Yep. One of the biggest reasons I started with the stock suspension and didn't change a thing save for wheels and tires is that I wanted to get a feel for how the car behaves by default. I figured that you can't really fix something if you don't know what's broken first.
I've had no problem getting the car in stock form to turn in (it does so a bit easier with the Konis and camber plates, though). I'm frankly not at all unhappy with the
performance of the stock suspension. My main complaint was the ride harshness, which the Konis fix nicely, and the tendency to eat the outside edges of the front tires (but, in my case, that happens relatively slowly because, firstly, I'm running 280 treadwear tires and, secondly, I don't push the car as hard as some except at autocross-format events like the Evolution driving school), which camber plates fix.
It's entirely possible, and indeed more likely than not at this point, that I won't want to change anything else from this point forward. We'll see. It'll depend on whether or not I run into what I regard as a major shortcoming in the suspension sometime in the future. Based on what I felt from the car at the Evolution driving school, it may be quite a while before that happens.
One thing that is a bit different about me is that unlike a lot of the people here, having the suspension move around under me doesn't bother me. It's what the suspension is
for. It's supposed to move around so as to keep the tires planted firmly under lots of different conditions. Similarly, the nose dive under braking hasn't bothered me either, probably because when I'm braking, all my attention is on my turn in point, the apex, and/or the track-out point, and I tend not to notice what I'm not focused on.
What if they trail brake into the corner?
I've found with mine that if I overdrive into a corner, lifting the throttle will neutralize the push nicely (more so now than before) and brushing the brakes will easily do that and may even make the rear come out some.
What's different about a Watts link in this respect?
Not only does it matter, I'd argue that it matters more than anything else!
The setup just determines how the car behaves for the driver with his driving style. The driver determines what the car actually does within its behavioral limits.
I've mentioned it before elsewhere in this forum, but I'll say it again here. I like the fact that the suspension covers everything from understeer, through neutrality, through oversteer, and that you can control which of those regimes you're in through your inputs. Seems to me that a car that is controllable in that way is highly flexible, one that you can make dance around the corners. There's something special about that.
Lots of experience helps for that. Not only does it inform you of what works and what doesn't, it also informs you of where to start looking when you identify a problem.

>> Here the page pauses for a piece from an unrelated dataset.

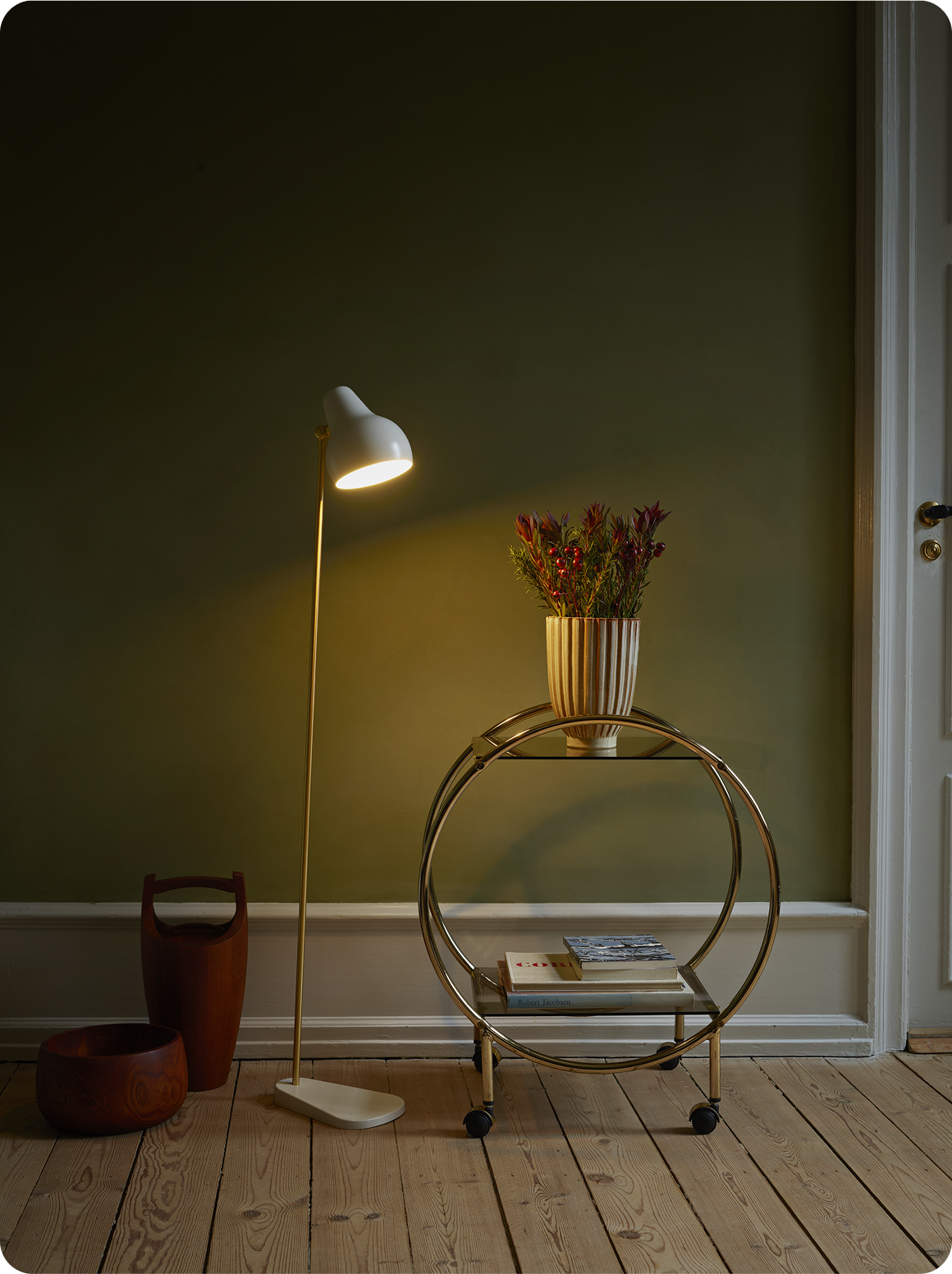 ころんとしたフォルムがレトロでありながら、モダンを感じさせるタイムレスなデザイン。シェードは可動式なので手元を照らしたり、床を照らしたり、さまざまなシーンで活躍します(VL38 フロア/ルイスポールセン)
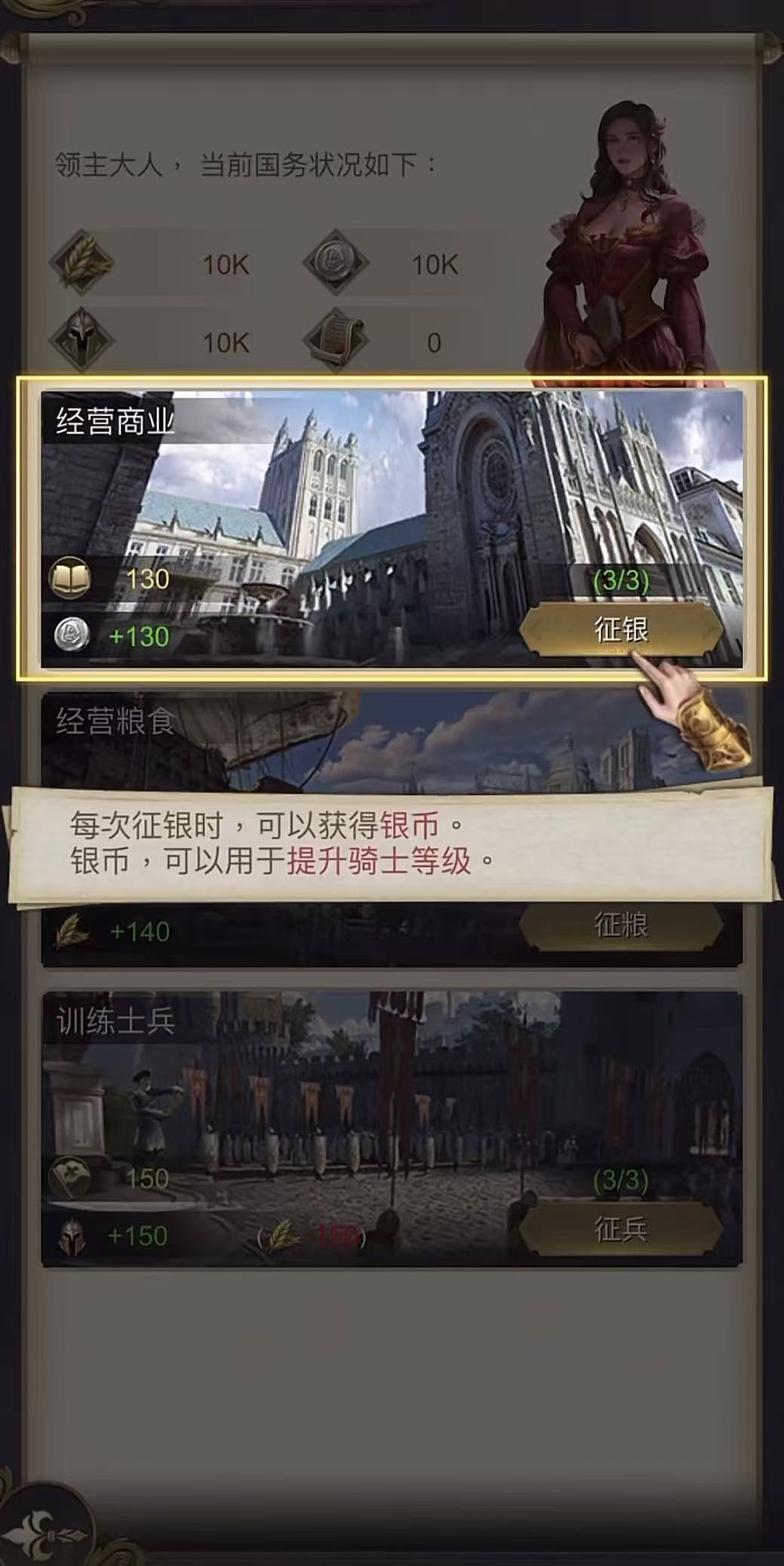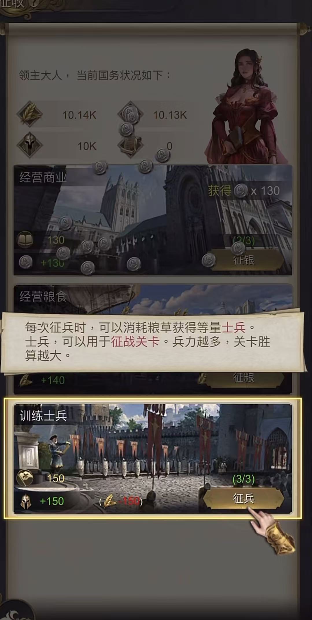 2、挑战主线战役获取资源,完成商业帝国的建造。

You'll never see me arguing that experience doesn't matter. It matters
a lot. And, in fact, experience is the ultimate litmus test of any theoretical model. The scientific method has experience, in the form of experimentation, baked into its foundation, as you use experimentation to verify or disprove the predictions made by the model.

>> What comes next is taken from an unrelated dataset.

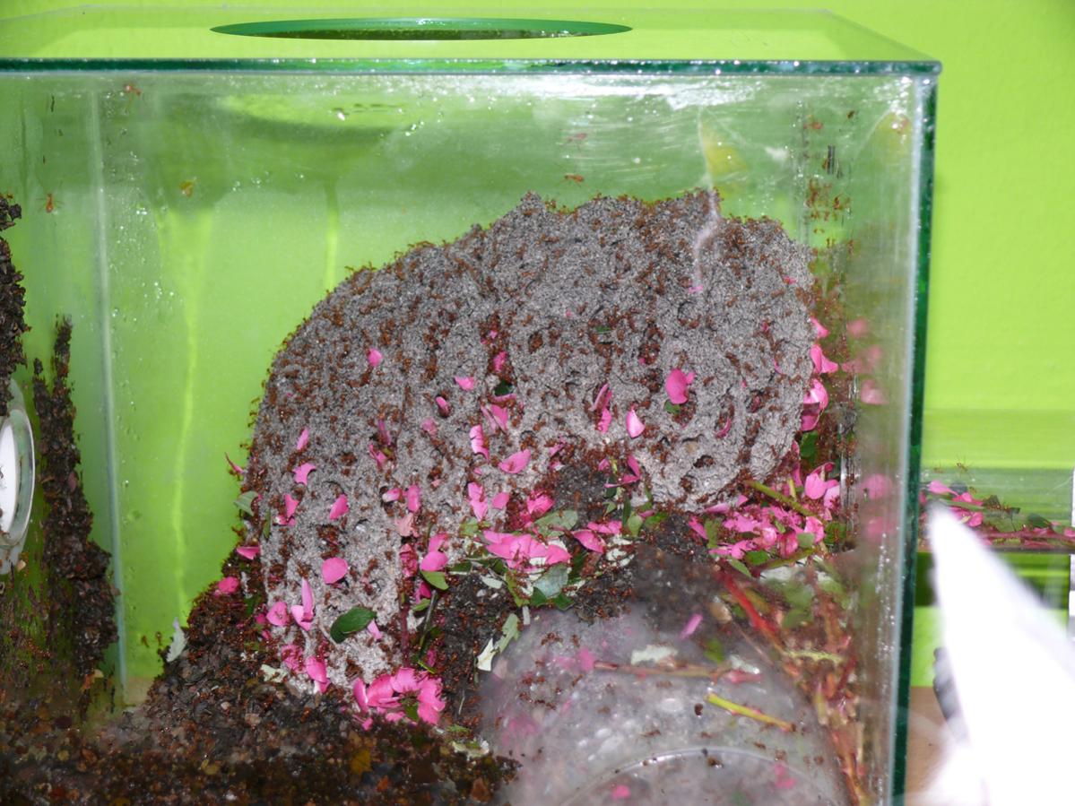 Hallo chrissi: Das mit dem Kleberand kenne ich auch, gefällt mir persönlich aber optisch nicht. Geht bestimmt auch bei einigen Arten gut, nur bei Blattschneider ist das dauerhaft keine Möglichkeit. Am Ende sieht dass dann immer so aus wie auf dem ersten hochgeladenen Bild. Die anderen beiden zeigen unsere Atta cephalotes.

But, especially for those of us who don't have the kind of experience you have, having a model helps as well. It helps us to make sense of what we're experiencing, if nothing else.
This is very true. Not only that, but that kind of discussion can reveal what your model hasn't been accounting for. It can help you refine your model, make it closer to real-life than it would be otherwise. It's one of the major benefits of a forum like this.
The value of a forum like this is not to be underestimated.